Ту-тууу! – загудели мутные мартовские сумерки.
– Береги Господь проезжающих и странствующих, – нараспев протянул священник. – Да будет нам в конце пути лучше, нежели в начале, а иначе зачем и ехать?
– Это да, – согласился гражданин с фксой, ловко запрыгивая на верхнюю полку. – Дрянь город. Провалиться б ему – не жалко.
– Что вы такое говорите. У меня в Самаре дом, родня, – укорила баба, но мирно, без злобы.
Все были очень довольны, что так удачно устроились.
Заглянул кондуктор – оказывается, в поездах еще бывали кондукторы.
– Остальным не предлагаю, – небрежно кивнул он на вагон, – а вам, если желаете, могу выдать керосин. Восемьдесят рубликов склянка. До самой Москвы свету хватит, если зря не жечь.
Электричества, само собой, в поезде не было, да и от ламп остались одни черные дырки, но с потолка свисал керосиновый фонарь, пока не зажженный.
Цена была безумная, но ехать в потемках не хотелось, пассажиры уже и теперь едва видели друг друга.
– Скинем по десяти с носа? – сказала баба и пояснила китайцу: – Вы на двух местах сидите, с вас выйдет двадцать.
Тот поклонился, не споря, но возникли осложнения с другими обитателями купе.
– У меня денег совсем нет, – вздохнул гимназист. – И вообще спать можно в темноте, даже лучше.
Отказалась и девка:
– А мне на первой станции слезать, я с-под Безенчука. Чего это я буду за Москву платить?
Вагон первого класса
Поп прочитал стих:
- Тебя от мрака защитит
- Не лампы тщетное горенье,
- А светлой веры крепкий щит
- И сердца чистое моленье.
– Ну дело хозяйское, – пожал плечами кондуктор.
Но тут сверху перегнулся фиксатый, широким жестом сунул бумажку:
– Держи сотку, фуражка. Сдачи не надо. Плачу за всю приятную компанию. Знайте Яшу Черного.

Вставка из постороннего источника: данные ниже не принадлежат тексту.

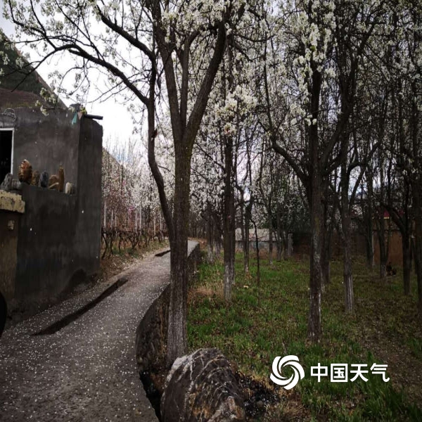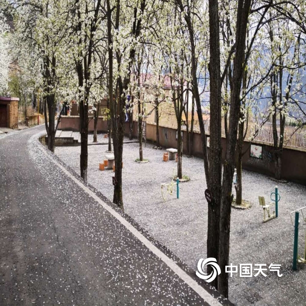 4月3日,阿坝州金川县的梨花开始凋零,花瓣不时飘落。在风雨中,花瓣更是纷纷扬扬,下起了“梨花雨”,洁白的花瓣为地面铺上了一层薄薄的“雪”,道路变成了花路。(图/文 李颖)
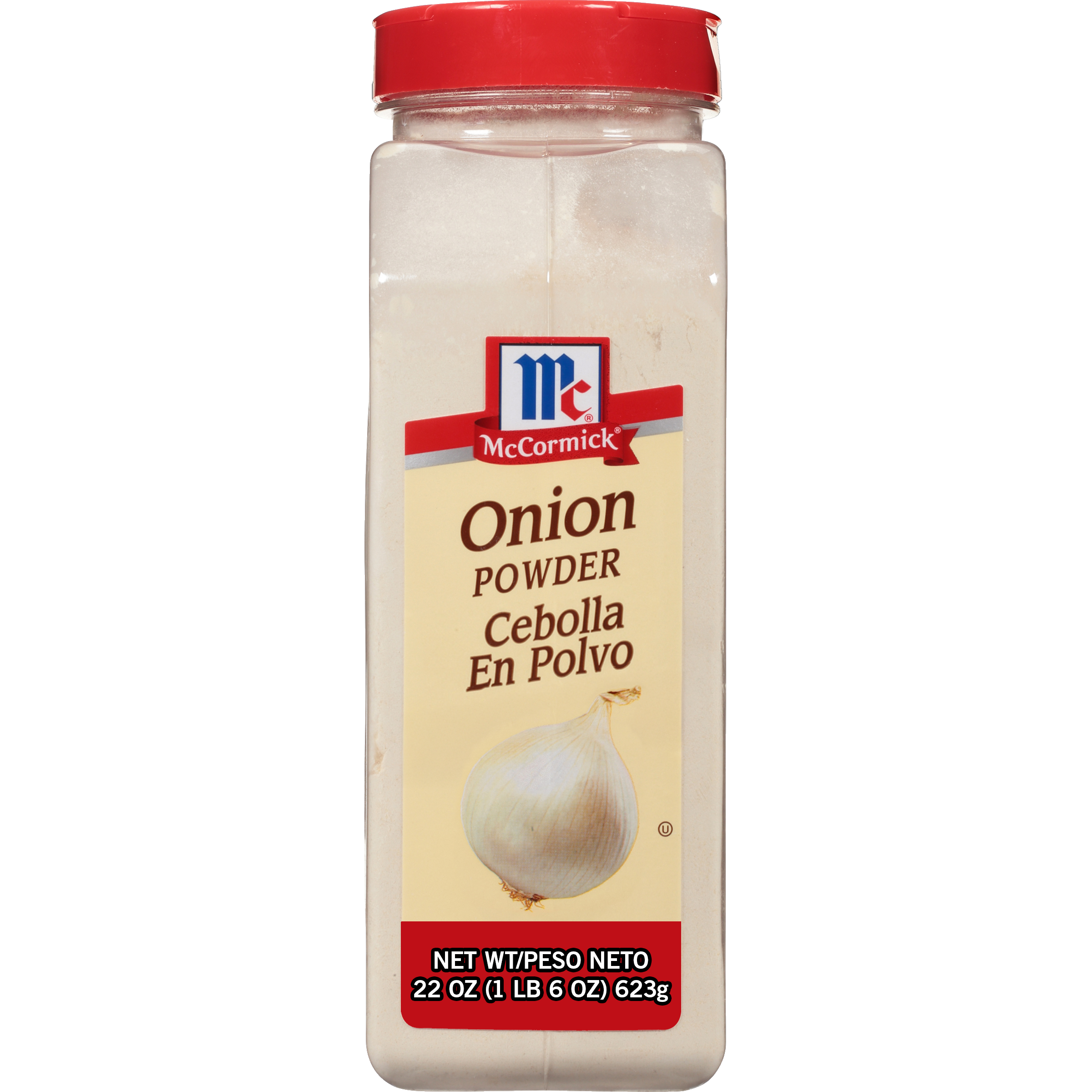 Extra Long Description McCormick Onion Powder is great for adding savory, toasty flavor to favorite dishes like chili, stews, meatloaf, and easy skillet or sheet pan dinners. Add to dry rubs for grilling or roasting meats and vegetables for an instant flavor boost. Skip the hassle (and tears!) of peeling and chopping onions – with McCormick Onion Powder, it's easy to bring savory onion flavor to almost any cuisine, including Italian, Greek, and Mexican. Dishes from eggs and avocado toast to steak, roasted chicken, and seafood are great candidates for powdered onion as well. Use 1 tbsp onion powder in place of ½ cup chopped fresh onions. Did you know? Powdered onion disperses completely and evenly throughout dishes for a more consistent flavor, making it perfect for onion soup, onion dip, sauces, salad dressings, and marinades. Feature 1 KITCHEN STAPLE: A convenient seasoning, onion powder is a must for both cooking and flavoring food tableside. Feature 2 CONSISTENT FLAVOR: Powdered onion disperses completely and evenly throughout dishes for consistent savoriness in every bite. Feature 3 CONSISTENT FLAVOR: Powdered onion disperses completely and evenly throughout dishes for consistent savoriness in every bite. Feature 4 ENDLESS USES: Powdered garlic is essential to many cuisines from around the world. Let it inspire your cooking from eggs to tacos, pasta, soup, burgers, meatloaf, and more. Feature 5 MORE ONION FLAVOR: Check out other dehydrated onion varieties made with the quality, trusted flavor of McCormick, including Onion Salt & Minced Onions. Preparation Instructions No preparation necessary. McCormick Onion Powder is ready to use and can be added to vegetables, meats, dips, and more for consistent onion flavor. Storage Instructions Store McCormick Onion Powder in a cool, dry place to protect against flavor loss and moisture. Avoid exposure to heat, humidity, direct sunlight, and fluorescent light to maintain flavor and color. Always use dry measuring spoons and cups to ensure optimal product integrity. Shelf life: 900 days. Benefits - Kosher

Когда купе озарилось красноватым, покачивающимся светом, путешественники смогли разглядеть друг друга лучше. Начались и дорожные разговоры – специфические, революционного времени, когда люди поначалу осторожничают и своего имени не называют. (Фиксатый не считался – сомнительно было, что он Яша и тем более Черный.)
Разговорчивей всех был батюшка. Рассказал, что приходствует в Сызранском уезде, ездил к преосвященному в Самару, потому что отца благочинного нет и жалованья давно не платят, но проездил, воля Божья, впустую, только зря потратился, потому что на епархиальном подворье теперь комитет бедноты, однако ничего, проживем и без жалованья, Господь не оставит, а и отец ректор в семинарии говаривал: «Хороший поп никогда не пропадет».
Девка жила в городе прислугой у «аблаката по законам», но тот сам «затощал», потому что кому они теперь нужны, законы, других бар тоже не стало и служить негде, а дома отец-матерь и женихи с фронта вернулись.
Бабища промышляла по обменным делам. Возила из Самары по селам нужный товар, возвращалась с продуктами.
– А где товар-то? – спросил ее сомнительный Яша. – Вроде пустая едешь.
Тетка заколебалась – говорить, нет, но ей очень хотелось похвастаться. Полезла куда-то под юбку, звякнула об стол невеликим мешочком.
– Вот. Фунт иголок. В деревне бабам шить нечем. За одну иголочку по мешку муки дают.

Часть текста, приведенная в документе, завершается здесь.